Ambassador Christopher Hill, Dean of the Josef Korbel School, began his long and industrious career serving as
a Peace Corps volunteer in Cameroon during the 1970s. The experience piqued his interested
in Foreign Service, and he went on to serve as Ambassador to Poland, South Korea,
Iraq, and Special Envoy to Kosovo, among other accomplishments.
Now, over 30 years later, Peace Corps Master’s International (MI) student Andy Knipe recently landed in Cameroon to start his own Peace Corps service, hoping to follow in the footsteps of the many volunteers before him. And right behind him, MI student Graham Button just learned he will also head to Cameroon in September 2012.
Knipe and Button will likely have a different experience from Hill, but their eagerness to the serve the people of Cameroon echoes his time there and lessons learned.
“When you love them, and they love you, you can move mountains,” said Hill, commenting on the relationships he built with the people in his village and the accomplishments that stemmed from those connections. Knipe, who arrived in Cameroon in July 2011, has already started to learn this lesson. His own advice to MI’s about to go into the field, like Button, echoes Hill’s.
“Keep a long time horizon, take stock of small victories, and don’t overlook the importance of personal connections,” said Knipe, in an email from his site in Cameroon.
Button will work in the youth development sector, and Knipe works on a bevy of projects,
including working with GeoAid International, getting fair trade certification for
a group of cocoa farmers, and assisting a local tontine, or credit union. Hill also worked with credit unions during his time in Cameroon.
Having distinct projects for its volunteers is one area where Hill sees Peace Corps has improved. While he moved around checking on credit unions, other volunteers had a harder time defining their roles, said Hill. Thirty years of technology improvements later, Peace Corps is also in better communication with its volunteers.

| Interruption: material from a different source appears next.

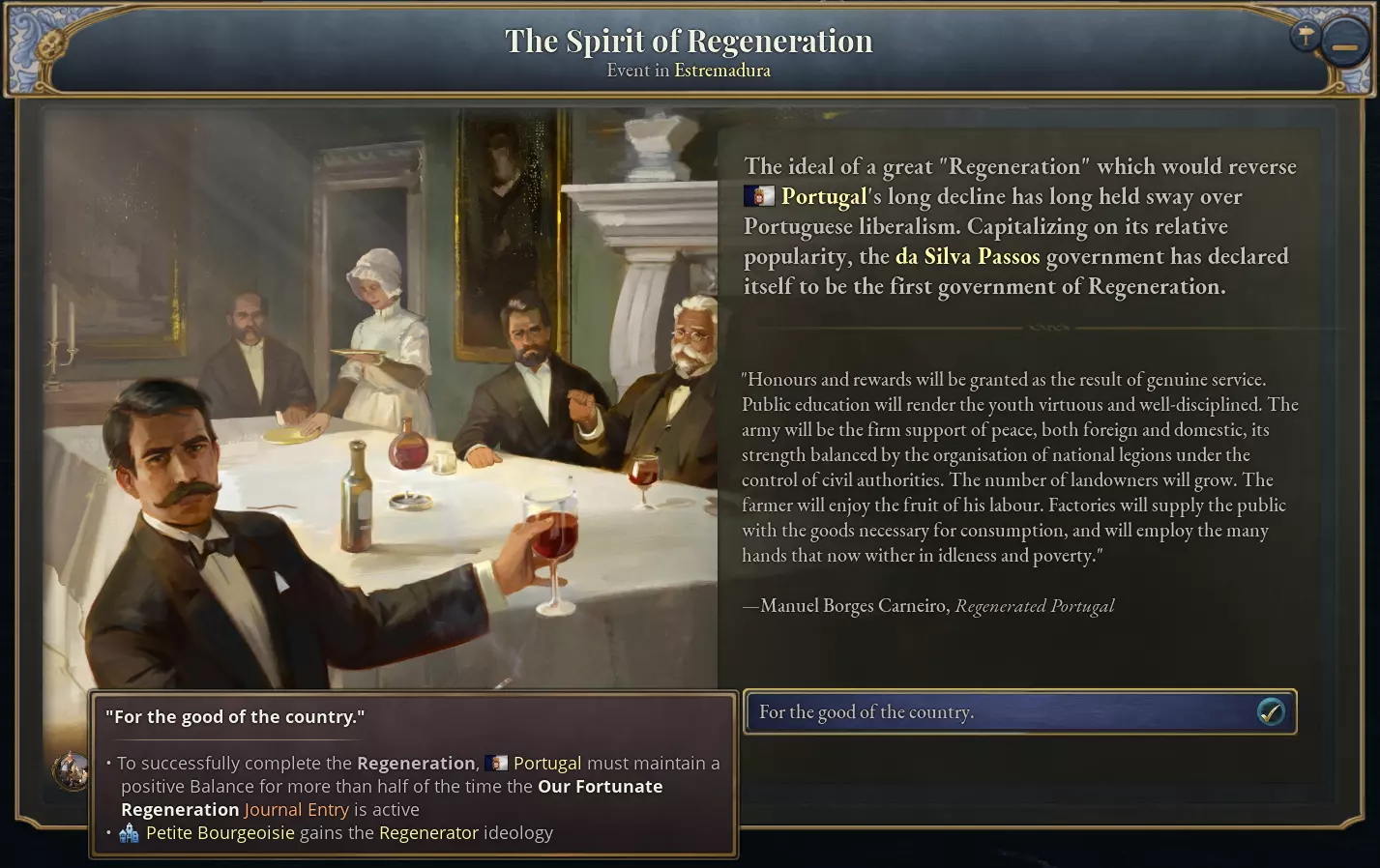 我们的幸运重生 “重生”理念在19世纪的大部分时间里对葡萄牙自由主义产生了深远影响。在丰特斯·佩雷拉·德梅洛等“重生派”人士看来,重生指的是一种能够稳定葡萄牙政治、实现国家现代化并为未来经济发展奠定基础的政治体制。其名称源自曼努埃尔·博尔热斯·卡内罗1820年的政治宣言,卡内罗是1820年葡萄牙革命的领导人之一,也是1820至1823年“第一次自由主义”时期的主要政治家。在这份宣言中,卡内罗描绘了一个任人唯贤、品德高尚、透明公开,并由立宪君主和议会依法治理的葡萄牙愿景。再生时期政治思维中一个有趣的组成部分是将政治简化为交通的观念。这一观念本质上是卡内罗提出的改革模式在铁路时代的一种适应。引用他《再生的葡萄牙》第九章的内容:“我们再生的伟大事业必须有序且和平地推进。不可能突然为一台已完全紊乱的机器安装好弹簧。”然而,你们的美德、你们的文明以及你们的慷慨——你们在世界历史上树立了前所未有的榜样——足以让我们相信,通过你们与政府的合作,一切都将加速推进,而那种曾给法国带来无数鲜血与泪水的狂热精神,绝不会侵入葡萄牙。 忘记过去的压迫吧。坚定地建立新制度。让凡事适度成为你们的指导原则。我们知道,被夺走的公民自由不应与放纵、鲁莽或不服从法律及权威混为一谈。“我们幸运的革新”日志条目将在葡萄牙研究出民族主义、拥有由自由派利益集团组成的合法政府,且十年内未发生革命或政变后激活。激活后,所有“革新”子日志条目将随之添加。

“I still get to talk to my family pretty frequently via Skype, and I also email a lot with my family, friends and DU colleagues. I have a cell phone too, which I use to collaborate with my colleagues here in Cameroon,” said Knipe. In contrast, Hill said he would venture miles to a post office once a week where he would receive letters from his family long after they had been written.
In another significant change, Hill had a Peace Corps issued motorcycle, which he “smashed to smithereens” a few times. Now, volunteers are barred from motorcycle use, not least because of all the accidents like Hill’s from the 1970s.
With a strong Returned Peace Corps Volunteer (RPCV) community at the Josef Korbel School, MI students are able to get questions answered before they head out around the world. They also have the opportunity to put into practice the theory they have learned in the classroom.
“The [Josef] Korbel School helped me contextualize and dig deeper on the global issues I care most deeply about,” said Knipe. Hill also sees the importance of Peace Corps for students at the Josef Korbel School, noting that Peace Corps on someone’s resume still exemplifies to employers and graduate programs the type of hardworking student they are getting.
“I never thought the name brand of Peace Corps would be so untarnished this many years later,” said Hill.
While technology and communication have changed, the overall impacts of volunteers and the lessons they learn while working abroad have not. For MIs about to go into the field, they follow in a tradition of decades of volunteers before them.
“It should be interesting going to the same country as Ambassador Hill; hopefully he has some insights for me before I go,” said Button.
The Josef Korbel School has the largest community of Peace Corps students when Paul D. Coverdell Fellows and Master’s International students are combined.